Figure 7.

RNF13 induces LAMP‐1 degradation by mediating K48‐linked polyubiquitination on its K128 position and is involved in RA pathogenesis. A) Co‐immunoprecipitation analysis of K48‐linked polyubiquitination mediated by RNF13 on different LAMP‐1 point mutants in HEK293T cells transfected with RNF13, K48 ubiquitin (Ub) and different point mutants of LAMP‐1, and treated with MG132 (3 µM) for 5 h. B) Western blot assay of RNF13 (WT and K266R) and LAMP‐1′s effect on TLR4 signaling pathway in Lamp1 ^+/+, Lamp1 ^−/− RAW264.7 cells and Lamp1 ^−/− RAW264.7 cells overexpressed by LAMP‐1, transfected with WT or K266R of RNF13 and treated with or without LPS (100 ng mL⁻¹) for 3 h.
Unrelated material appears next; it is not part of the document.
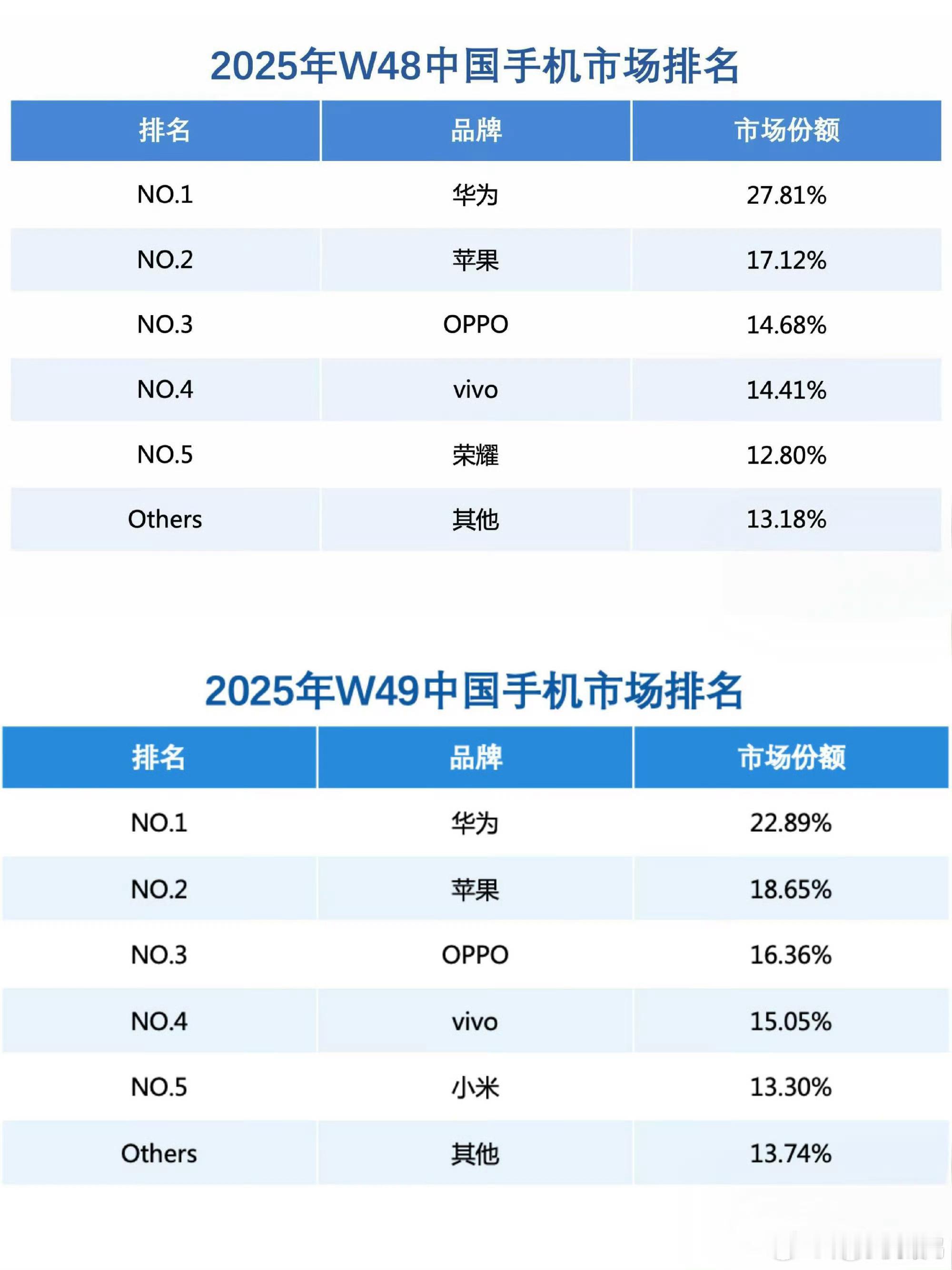 Mate80发布后的W48与W49,华为市场份额重回第一!这是权威机构统计的出货量!比那些野鸡自媒体发的准确多了华为华为手机华为华为mate80 北京

C) Relative intensity of RNF13 and LAMP‐1 in PBMCs from HC and RA patients that is calculated by the ImageJ program (Up). Western blot analysis of RNF13 and LAMP‐1 in PBMCs from HC and RA patients (Down). D) Co‐immunoprecipitation analysis of hydroxychloroquine's (HCQ) effect on polyubiquitination of RNF13 in THP‐1 cells transfected with V5‐RNF13 or not and treated with LPS (100 ng mL⁻¹) for 3 h or not. E) Proposed working model for RNF13 as a positive regulator of endosomal TLRs‐mediated inflammatory response by targeting LAMP‐1 for K48‐linked polyubiquitination and degradation. Data are representative of three independent experiments (A, B, D) or shown as mean ± SD of n = 14 biological replicates (C), two‐tailed unpaired Student's t‐test (C).